Fork lift driver fined £2500 following fatality

A fork-lift driver whose reckless actions led to the death of a colleague and friend has been fined a total of £2,500. Skipton Magistrates' Court heard that the accident happened when the driver, of Sutton-in-Craven in North Yorkshire, let his colleague stand on the forks of his lift truck in order to reach pallets stacked on the second deck of a two-tier lorry.

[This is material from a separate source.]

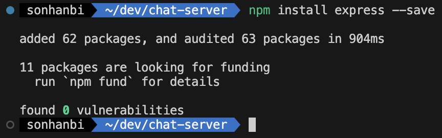 이후 해당 파일 디렉토리 내에서 다음과 같이 express 를 추가합니다.

Both men were trained, experienced lift truck operators employed by a haulage company  and were taking part in a routine task of scanning barcodes on a series of pallets on a truck at a distribution hub in Crosshills in March 2006.

This operation was performed very frequently, and it was usually done by unloading the pallets, which would have been unloaded anyway, and scanning their barcodes on the ground. On the day of the accident, it seems that both men had decided, unbeknown to management, to go ahead with the dangerous practice of riding the forks. The deceased was 3m in the air when he lost his footing while stretching to scan a pallet on the end of the truck. He fell awkwardly and suffered multiple serious injuries, dying of complications in hospital two months later,

The men's employer was investigated, but HSE found no wrongdoing: there was no suggestion of time saving or management pressure on the men. The company was found to take safety extremely seriously, and had all the proper written procedures in place, doing its best to make sure they were followed. Its employees were trained and competent, and supervised as much as necessary. It also had a clear paper record of disciplinary action for ail previous health and safety failings by staff,

HSE inspector Paul Yeadon said that the operator should have known far better than trying such a lift. "Individuals have to take responsibility for their own actions, and can't just ignore the most basic tenets of fork lift use," he said.

In mitigation, the operator apologised, and said he did not know why they had gone ahead with the lift.

The deceased’s' widow said that she did not hold the operator solely responsible for her husband's death.